When Jennifer Doudna was in sixth grade, she came home one day to find that her dad had left a paperback titled The Double Helix on her bed. She put it aside, thinking it was one of those detective tales she loved. When she read it on a rainy Saturday, she discovered she was right, in a way. As she sped through the pages, she became enthralled by the intense drama behind the competition to discover the code of life. Even though her high school counselor told her girls didn’t become scientists, she decided she would.

Driven by a passion to understand how nature works and to turn discoveries into inventions, she would help to make what the book’s author, James Watson, told her was the most important biological advance since his codiscovery of the structure of DNA. She and her collaborators turned a curiosity of nature into an invention that will transform the human race: an easy-to-use tool that can edit DNA. Known as CRISPR, it opened a brave new world of medical miracles and moral questions.

The development of CRISPR and the race to create vaccines for coronavirus will hasten our transition to the next great innovation revolution. The past half-century has been a digital age, based on the microchip, computer, and internet. Now we are entering a life-science revolution. Children who study digital coding will be joined by those who study genetic code.

Should we use our new evolution-hacking powers to make us less susceptible to viruses?
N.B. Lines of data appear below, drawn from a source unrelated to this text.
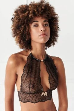 Comfortable, elegant and tempting, discover the Sydney Bralette. This luxury bra is made from soft, black Italian lace with golden lurex highlights, combined with cream Pearls of Manacor. A pearl choker and a suggestive neckline, make this piece both sexy and alluring. The cups are unlined and unwired for light support. Style yours with one of the matching black Sydney thongs for a striking statement.
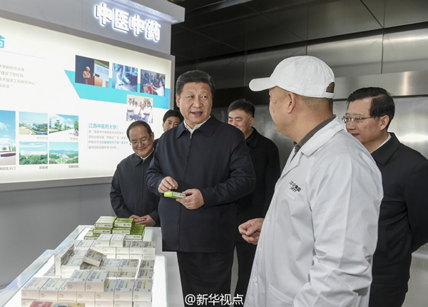 琳瑯滿目的中醫(yī)藥產(chǎn)品、生物醫(yī)藥產(chǎn)業(yè)的蓬勃發(fā)展,給總書記留下深刻印象。他說,醫(yī)療保健是全面建成小康社會(huì)的重要方面,要下大氣力抓好,生產(chǎn)廉價(jià)、高效、優(yōu)質(zhì)、群眾需要的藥品,杜絕假冒偽劣,切實(shí)保障老百姓的生命健康權(quán)益。中醫(yī)藥是中華文明瑰寶,是5000多年文明的結(jié)晶,在全民健康中應(yīng)該更好發(fā)揮作用。
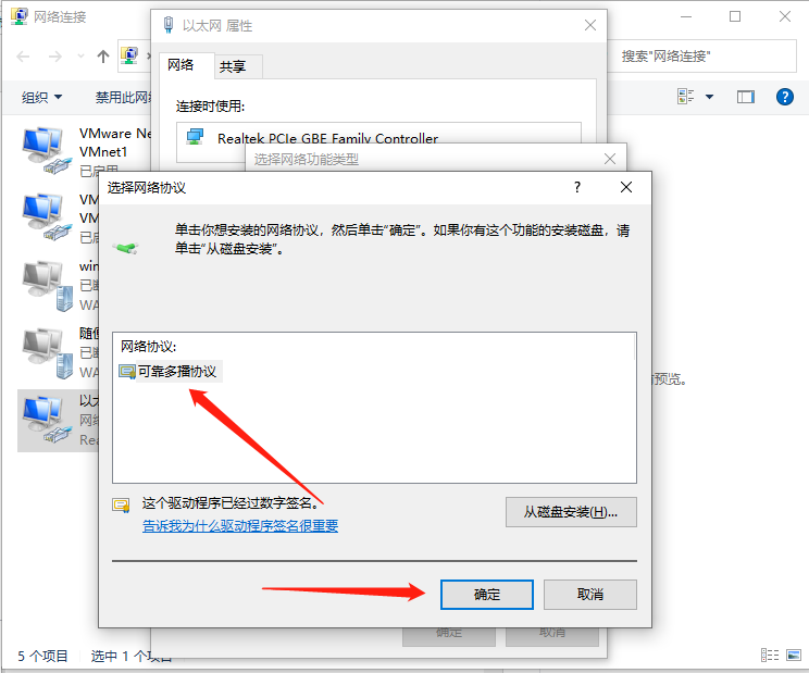 5、然后选择--可靠多播协议--,点击右下角--确定--,安装成功问题解决。
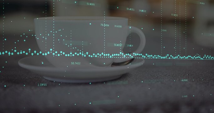 Displaying white ceramic teacup and saucer with teaspoon at cafe table, teal data overlay
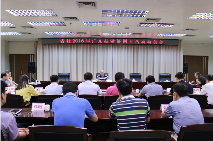 6月16日上午,为贯彻落实省委、省政府2016年广东扶贫济困日活动工作要求,省社召开广东扶贫济困日活动动员会。省社党组成员、巡视员周根旺主持并作动员讲话。省社直属各单位(含中农广州公司,下同)分管领导、人事部门负责人和机关各处室负责同志参会。
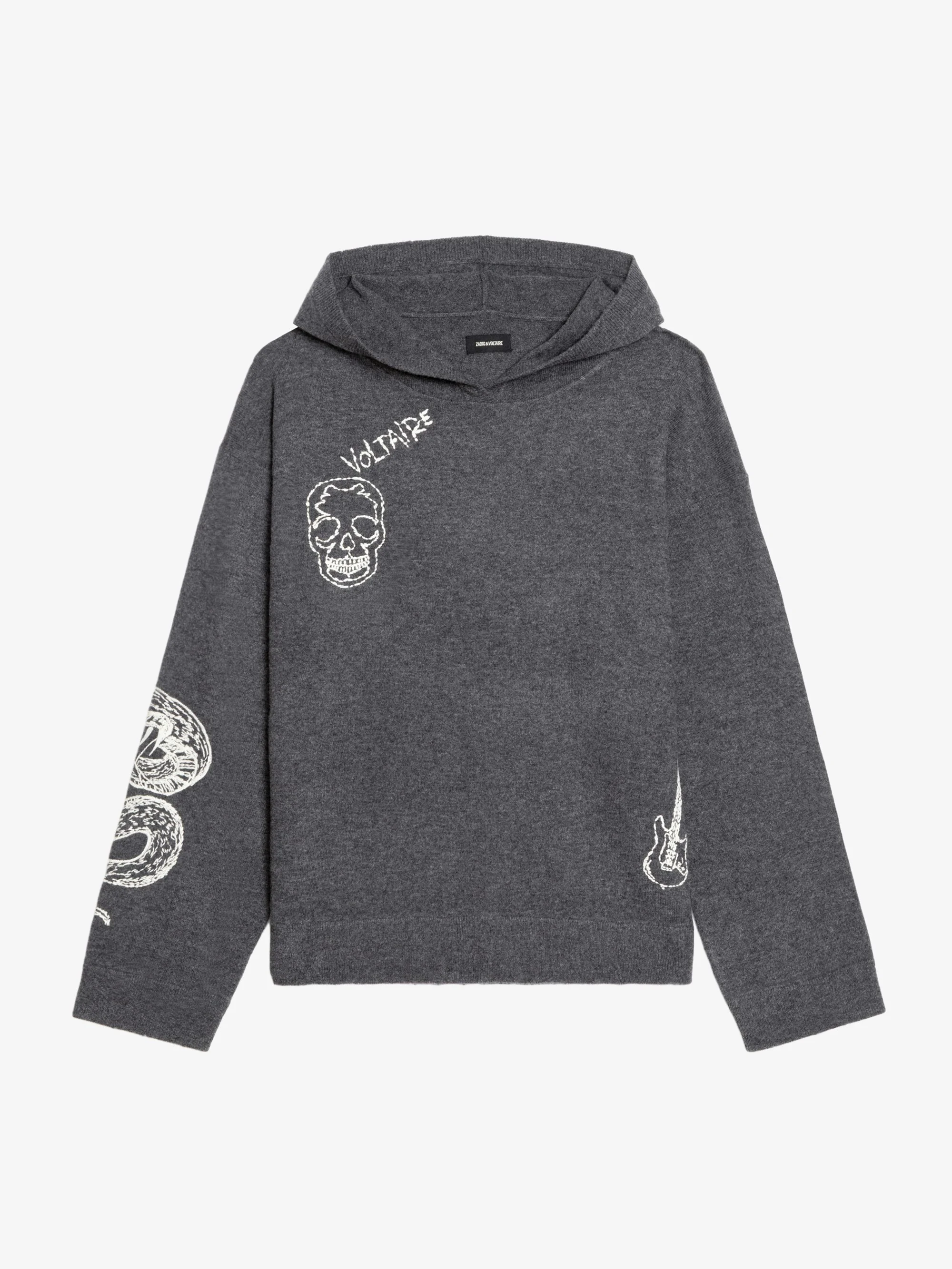 Hooded sweater with long sleeves. Description & details - Hooded sweater - Multi-customization embroidery - Hood - Long sleeves Model is 188 cm / 6' 2" and is wearing a size M This item fits true to size. Choose your usual size. Composition 90% Merino wool* 10% Cashmere Care - Hand-wash or machine-wash on a 20°C wool cycle with a maximum spin speed of 400 rpm - Do not wring - Air dry flat - Iron inside out at a maximum of 110°C, avoiding any customised details Product code: KMSW01837_CHARCOAL
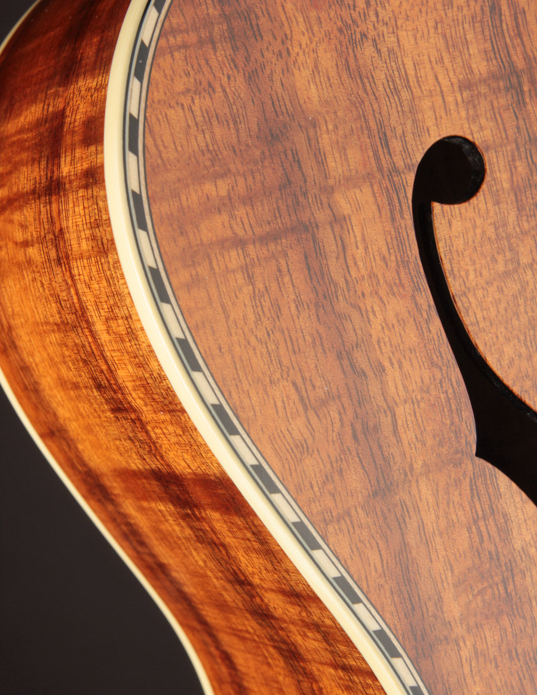 Like a banjo, the neck extends into the body with an integral pole, creating a mechanically solid neck joint that enhances both stability and tone transfer.
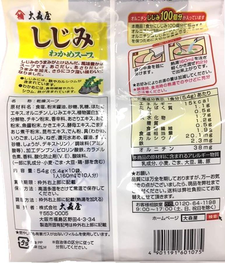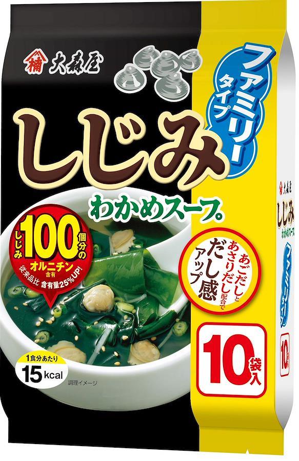 しじみの旨味が溶け込んだ風味豊かなしじみわかめスープです。しじみほたてかきチキン昆布に加え、あごだしあさりだしを新たに配合し、おいしさ溢れる風味豊かな味わいに仕上げました。しじみ100個分のオルニチン含有です。たっぷりお徳用10袋入りのファミリータイプです。原材料:食塩、粉末醤油、砂糖、乳糖、ほたてエキス、オルニチン、しじみエキス、植物蛋白加水分解物、チキン粉末、香辛料、あさりエキス、あご粉末、魚醤粉末、かきエキス、酵母エキス、ごま油、あじ煮干粉末、昆布エキス、でん粉、具(わかめ、いりごま、しじみ、ねぎ、還元水あめ、醤油、食塩、砂糖、しょうが、デキストリン)/調味料(アミノ酸等)、加工デンプン、ピロリン酸鉄、カラメル色素、香料、酸化防止剤(V.E)、酸味料、(一部に乳成分・小麦・ごま・大豆・鶏・豚を含む)高温多湿をさけて常温で保存してください。【重要】メーカーによる商品リニューアルに伴いパッケージ(内容量も含む)変更が行われた場合、新パッケージでお届け致します事ご了承願います。
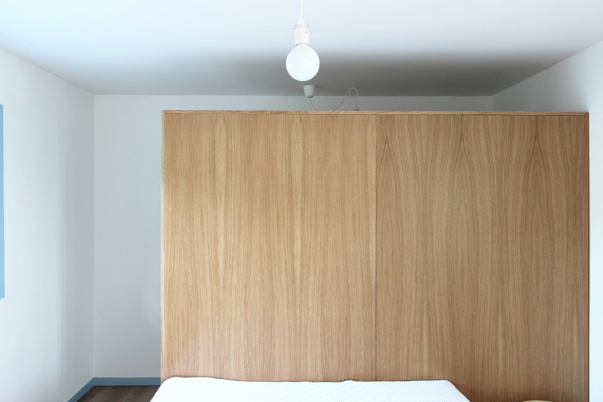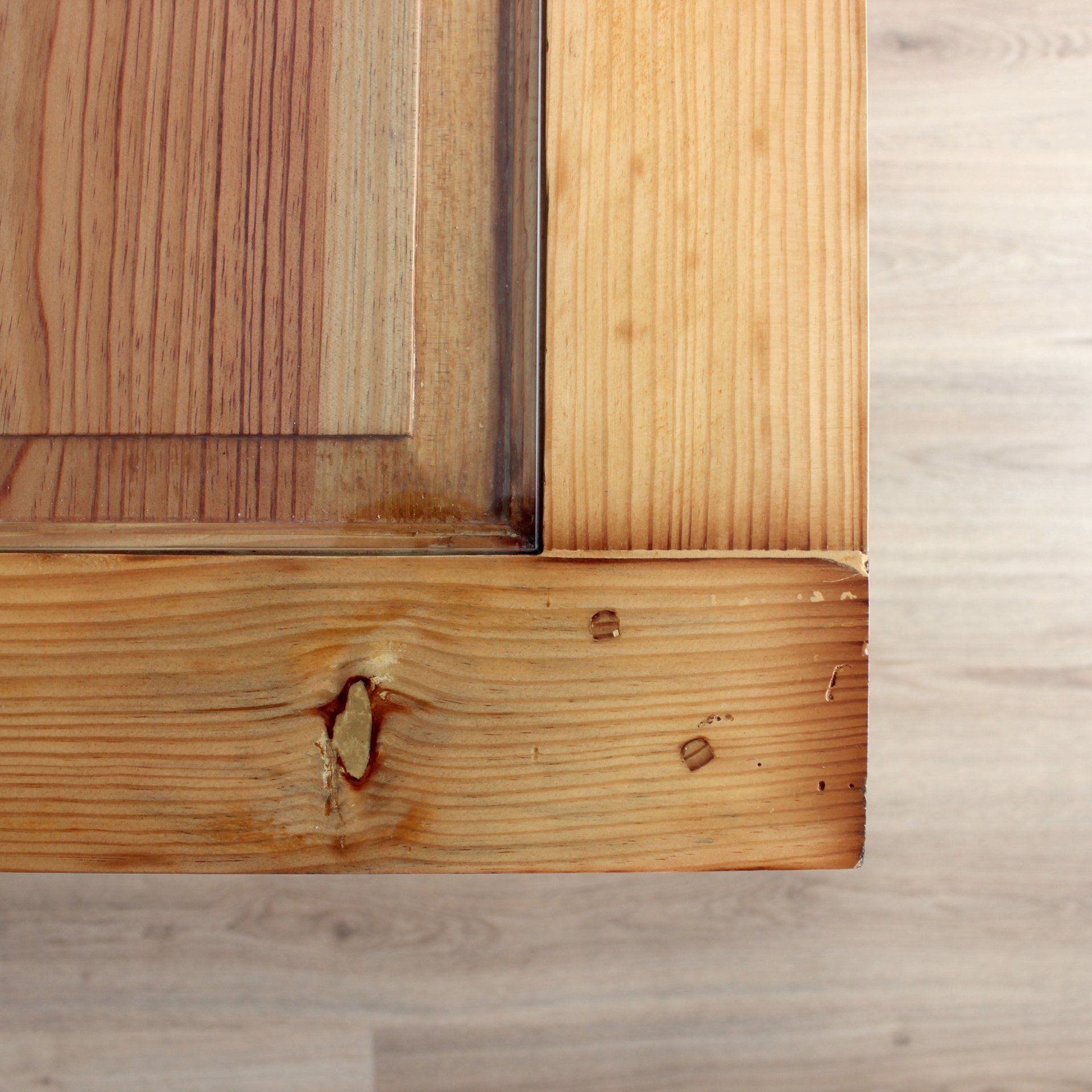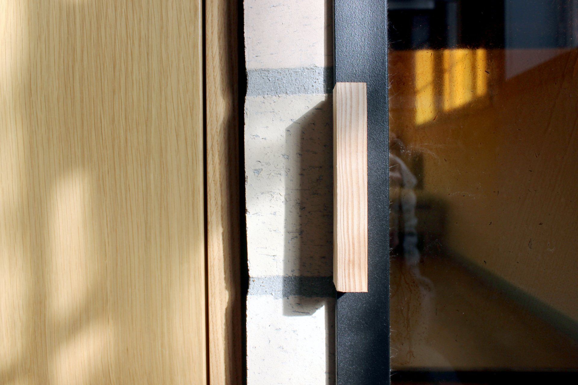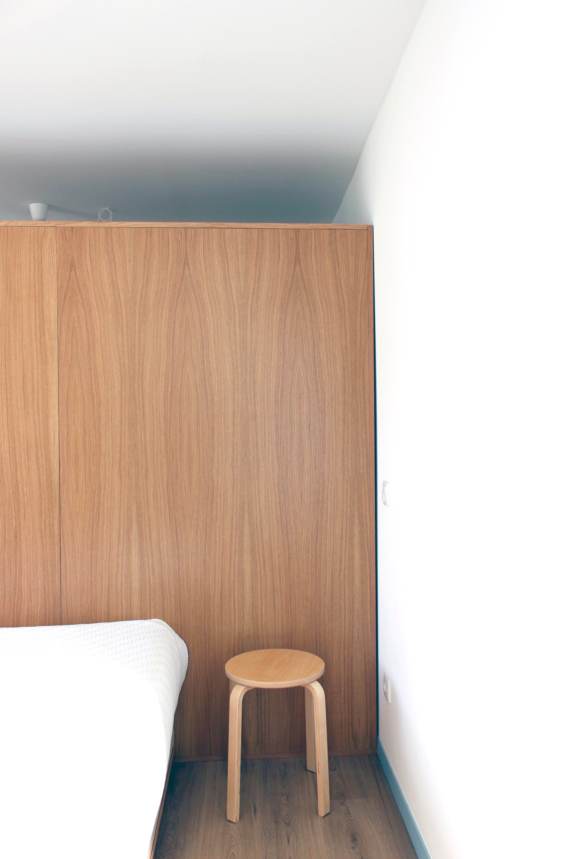 Da porta, conservou-se o seu desenho e recuperou-se a beleza natural da madeira. As imperfeições, o entalhe da fechadura e das dobradiças assumem-se como rugas do tempo, da sua história.
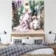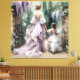 Watercolor of a beautiful mother and young girl walking through a garden gate with wisteria flowers and white dove

What a wonderful boon that would be! And what about preventing depression? Hmmm…Should we allow parents, if they can afford it, to enhance the height or muscles or IQ of their kids?

After helping to discover CRISPR, Doudna became a leader in wrestling with these moral issues and, with her collaborator Emmanuelle Charpentier, won the Nobel Prize in 2020. Her story is an “enthralling detective story” (Oprah Daily) that involves the most profound wonders of nature, from the origins of life to the future of our species.

 

a kind of bacterial/viral version of Capture The Flag.


DISCUSSION COMING SOON.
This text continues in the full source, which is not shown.